Teaching Kids Good Behavior on the Internet
As the father of a girl entering sixth grade in the fall, I was drawn to an article on the front page of this past Monday’s The New York Times dealing with cyberbullying, particularly in middle school. The story highlighted the problems that schools have dealing with this problem, because of inconsistent laws, the fact that much of the behavior happens outside school, and related issues.
The opening to the story introduced an incident where a sixth grade girl received explicit, threatening messages from the cell phone of a 12-year-old boy classmate. The parents had insisted that the boy be punished, but the principal cited the out-of-school nature of the offense, and asked if they had contacted the boy’s family.
Too awkward, they replied. The fathers coach sports together.
These parents seem to think that they can outsource a difficult conversation like this to the school, rather than take responsibility for it themselves. Knowing the other parent through a sports activity is exactly the kind of relationship that should make it easier, not harder, to have a conversation of this sort.
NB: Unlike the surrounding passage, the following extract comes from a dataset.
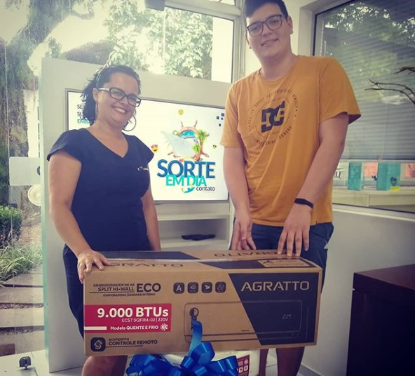 Já em fevereiro, o sortudo foi Denilson D'Avila, que ganhou um ar-condicionado; e em janeiro, a premiação foi um kit praia, que saiu para o cliente Wilker Maciel e foi retirado por sua esposa, Francine Tomaz, e entregue pela gerente do setor financeiro, Jaira Mateus Feliciano.

Many parents seem to think that giving their kids access to a computer, an email account, and a little instruction on the mechanics of sending and receiving messages is all they need to teach about email. Or that kids need to know about the 140 character limit for SMS (cell phone text messages) and they’re all set. Wrong on both accounts. Kids need to understand that email messages, text messages, and the like need to be composed with extra sensitivity. Unlike verbal comments, they can be reread, forwarded, and stored indefinitely. There is also the likelihood that, in the absence of visual and tonal cues common in verbal communication, messages can be misinterpreted, and they need to be written to minimize that possibility.
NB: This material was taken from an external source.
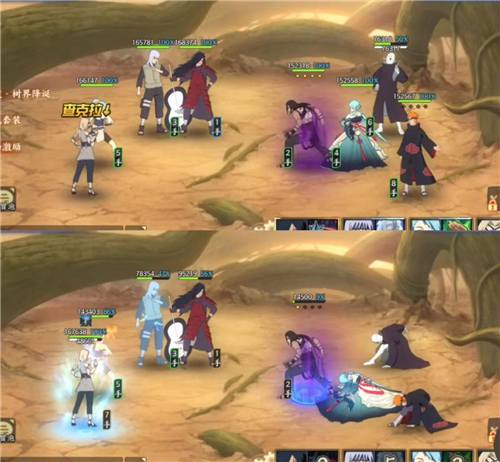 1、我方加藤断复活,我方鸣人治疗我方纲手,随后纲手再次使用奥义御,我方水主复活;

These conversations need to take place between parent and child when they start using electronic media, and need to continue for some time thereafter. Unfortunately, a lot of the parents may not have learned these messages themselves.
The arrangement I have set up for my daughter, which she is very aware of, is that I screen all of her incoming messages except those from a list of trusted addresses. I have a procmail script set up to do this automatically, sending her untrusted messages to a mail folder I control, from which I can redirect messages that look OK to her. This was originally done for spam control, and at this age, I feel it’s appropriate. I expect to eliminate the filtering by the time she’s 13, the age where many of the protections of COPPA go away.
Fortunately, my daughter hasn’t received anything hurtful so far. The worst was a chain letter message that had been forwarded around many times and had the email addresses of probably 100 or so middle school kids. Parents need to recognize that when kids are forwarding these they typically reveal their email addresses (which had often been carefully chosen to be obscure) to a wide audience, something they obviously didn’t intend. Because the messages usually predict dire consequences for those who don’t forward the message, parents need to specifically coach on not propagating such things.
I wonder what education the parents in the story did when setting up their daughter with a cell phone or email. Or did they expect that they could outsource this to her school?
That’s what I thought, too. But then I thought that it’d depend upon what you know about the other parent. Perhaps it’s more like, “The fathers coach sports together, and the boy’s father is a belligerent jerk.”
It’s possible that the boy learned to be abusive and threatening from very close by.
I probably should have included the rest of the story:
The boy claimed to have lost his cell phone. His grammar was so poor (yet the messages were fairly grammatical) that the school concluded that the messages were, in fact, sent by someone else using his phone. An interesting case of being saved by bad grammar.
Of course, that doesn’t necessarily mean that the boy’s father is easy to talk to.